Having asked for soldiers who don't drink alcohol and fraternize with women, Company Sergeant Major Vaskov is unexpectedly assigned a group of young female anti-aircraft gunners in a railway station far from the front line. Vaskov is not used to commanding women and clashes with them over daily issues. During an air raid, one of the girls, Rita Osyanina, shoots down an enemy aircraft and is decorated for her deeds. Dialogue and flashbacks in color begin to reveal the backstories of the women. It is also shown that Rita regularly sneaks food back to her mother and baby, who are not far from the front.

One day, Rita, having secretly carried rations to her family during the night, comes across two German paratroopers on her way back to the garrison. Vaskov chooses five volunteers: Rita, Zhenya, Lisa, Galya and Sonia, to embark with him on a mission to eliminate them. They decide to cross the marshland to intercept the Germans but the going is slow and treacherous, causing Galya to lose a boot. When they finally reach the location that Vaskov knows that the German paratroopers will have to pass, they lie in wait—only to find that there are sixteen German paratroopers instead of two. His soldiers come up with the idea to bluff the paratroopers into thinking that there are a lot of civilians in their path, by cutting down trees and lighting fires, which will cause the Germans to change direction. Though the plan almost fails, Zhenya's last-minute audacity in jumping into the river convinces the paratroopers to take a detour through the forest. Vaskov sends Lisa back to base for reinforcements.

The group left in the forest prepare to reroute to avoid direct contact with the German troops. Backs against the wall, they engage in guerrilla warfare with the Germans. Sonia is killed by a knife and Galya is shot and dies immediately from her wounds. Vaskov, to create a diversion, leads the Germans away from the remaining two soldiers, firing at them with his Nagant revolver as they chase him through the forest. Vaskov is shot in the arm but manages to escape from the Germans—realizing that the reinforcements have not come, he hallucinates about Lisa, who tells him that she failed because she went too fast, drowning in the wet marshland.

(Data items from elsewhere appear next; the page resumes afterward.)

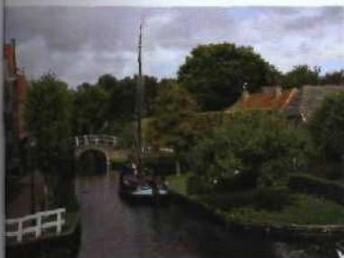
Auf einer Zeitreise im Zuiderzeemuseum siehe Tour 5 S. 53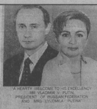
A hearty welcome to his excellency Mr. Vladimir V. Putin, President of Russian Federation and Mrs. Lyudmila V. Putina

Кажется, израильская и палестинская стороны пришли к соглашению, позволяющему прекратить кровопролитие в Иерусалиме. Впрочем, ибо в последние дни президент Ирана Хатами в радиопрограмме заявил: единственным способом урегулировать ближневосточный кризис является уничтожение Израиля.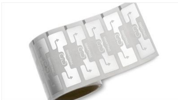
Slika 1 - Pasivna RFID Oznaka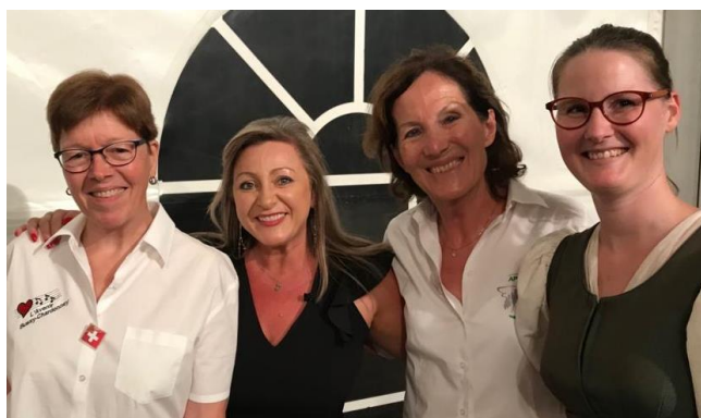
Madame la Présidente et les paysannes vaudoises !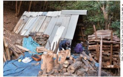
◀新たに完成した炭焼き小屋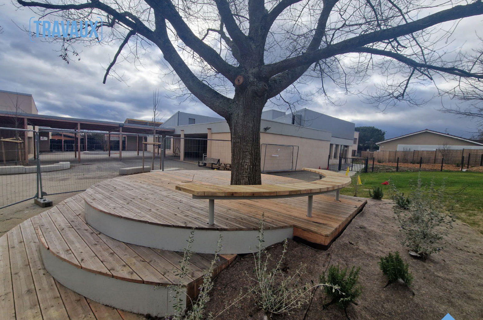
Une nouvelle structure bois aux Ambrits.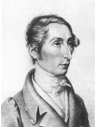
Der junge Komponist Carl Maria von Weber, Stich von C. A. Schwerdgeburth nach einem Gemälde von Carl Christian Vogel, 1823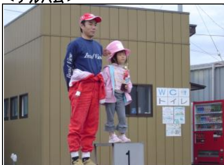
表彰風景「チョッパー登場(^^)」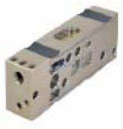
Slika 4. Izgled mjernog pretvornika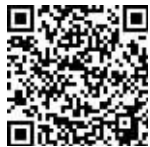
扫描二维码看 现场视频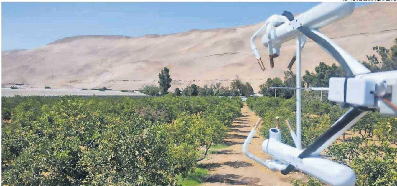
PROYECTO "PLATAFORMA CARBONO CONTROL: MONITOREO PÚBLICO DEL DIÓXIDO DE CARBONO EN LA REGIÓN DE ARICA Y PARINACOTA", ENTREGARÁ INFORMACIÓN VALIOSA PARA LA ACTIVIDAD AGRÍCOLA.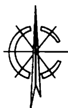
Схема границ территории объекта культурного наследия (памятника истории и культуры) регионального (республиканского) значения «Памятный камень, установленный на месте дома, где родился поэт (М. Сеспель)», 1899 г., расположенного по адресу: Чувашская Республика, Канашский муниципальный округ, д. Сеспель (далее - объект культурного наследия):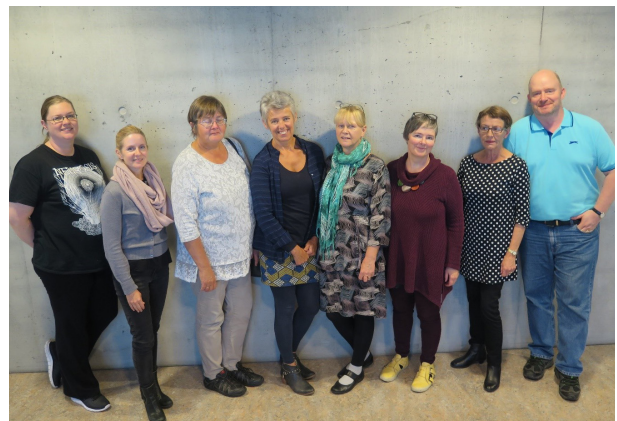
MYND 4: SÉRFRÆÐIHÓPUR 4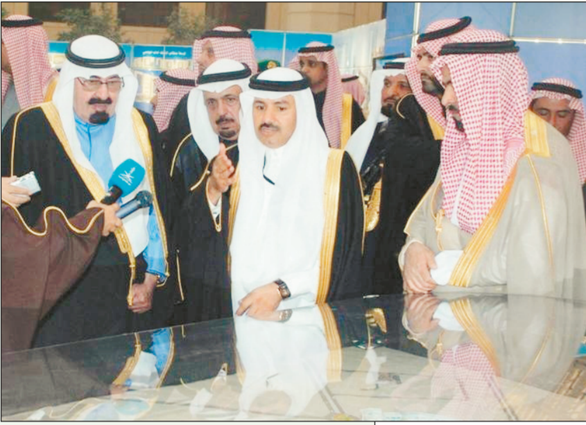
خادم الحرمين مطلعاً على أحد مشاريع وزارة التعليم العالي.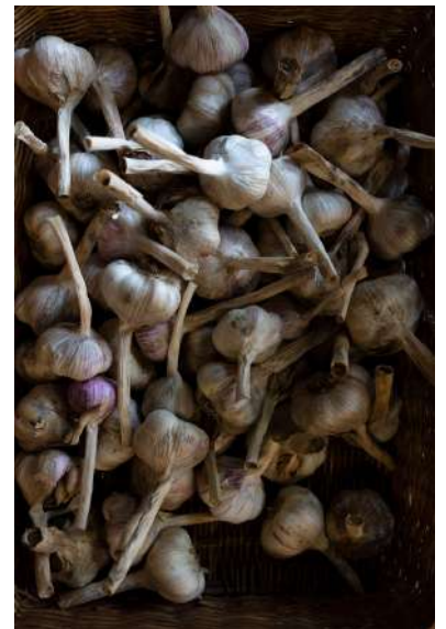
DOMAINE DU PATERNEL, MARAICHER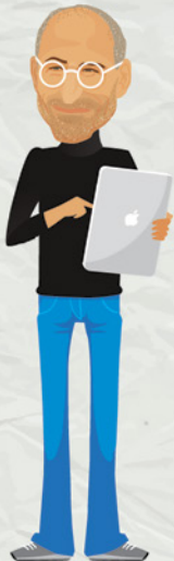
66 Стив Джобс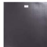
裏面全体にマグネットが貼付けられています。

※A: 数量在庫数により、記載されている出荷可能日での対応ができない場合がありますのでご了承ください。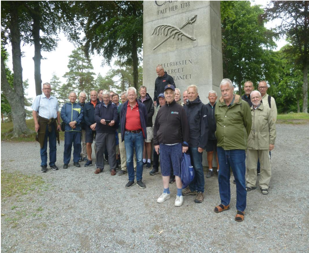
Här är hela gänget samlat framför monumentet av Carl XII

Efter att ha gått runt på den imponerande fästningen och fotograferat utsikten åt alla möjliga håll intog vi lunchen på restaurangen Den gamle kommandanten .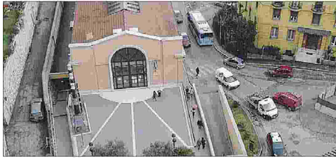
Sequestro preventivo Il tribunale del riesame non ha disposto la revoca della misura adottata con decreto del gip nell'ambito dell'indagine su Um

Le segreterie regionali di Filt-Cgil, Fit-Cisl, Uilt-Uil, Faisa-Cisal , UGL-Autoferrotranvieri e Orsa, subito dopo aver saputo dell'approvazione, da parte della giunta regionale, dello schema di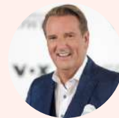
Ralf Dümmel Investor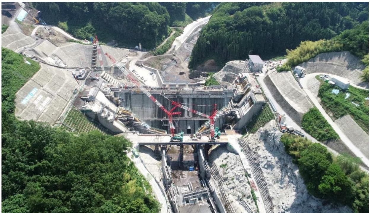
令和3年6月の状況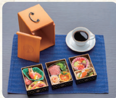
ボリューム満点のスイーツにぴったりの 特製和軽食を遊山箱に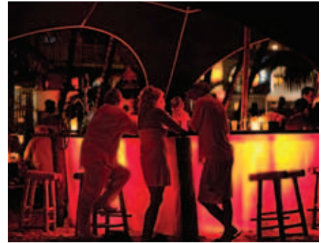
Cabarete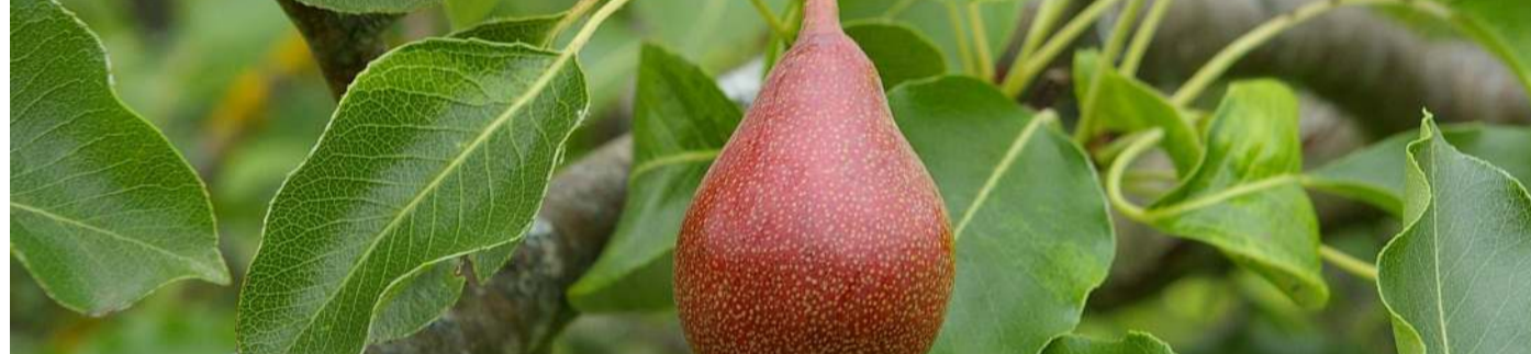
ENSACHAGE-1ère Etape Préparer les sacs préalablement à l'ensachage des fruits (2è étape)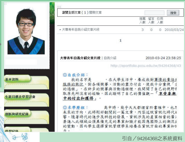
引自 / 94264368之系統資料

自我介紹格式條理分明，脈絡清楚依照系統中的預設格式畫面，使同學們在撰寫自我履歷時，更加條理分明，輔以個人照片的呈現，使一般閱讀起來平淡無奇的自傳，也可以變的更加生動活潑哦！

He miraculously comes across Rita and Zhenya but after a tearful reunion realizes that they have disobeyed his orders to retreat. He searches in his bag for a grenade to mount a suicide attack with but finds that the girls have taken the detonator out. Although he threatens to court martial them for continuing to disobey orders, they refuse to leave and instead prepare to ambush the Germans. During a prolonged engagement, Rita is injured by shrapnel from a grenade and tells Zhenya to leave her. Realizing that they are cornered, Zhenya disobeys Vaskov's orders to cover them and instead taunts and lures the Germans away through the forest, as Vaskov did earlier and is killed. Vaskov stays with Rita against her wishes to treat her wounds and promises to take her back to base. She asks him to take care of her son in the neighboring village. After kissing her at her request, he leaves to find a way out, giving her the revolver but soon comes back to find that Rita has shot herself.

The desperate Vaskov, armed only with a knife, one shot in his revolver and a grenade without a fuze, returns to the cabin where the Germans are resting from their wounds. By stabbing a soldier, shooting another and bluffing with the grenade, he captures a submachine gun and forces the remaining Germans to drop their weapons. Vaskov threatens to kill them (Five girls... five young girls were here, only five, and you did not pass! You'll croak here, everyone will croak!.. I'll kill each of you with my own hands... with my own hands! And let them judge me...), but a Soviet radio communique calms him, and he eventually takes the three remaining Germans as prisoners back to Soviet lines. The rest of the women of the regiment, who have come to rescue the group, find Vaskov before he passes out from exhaustion.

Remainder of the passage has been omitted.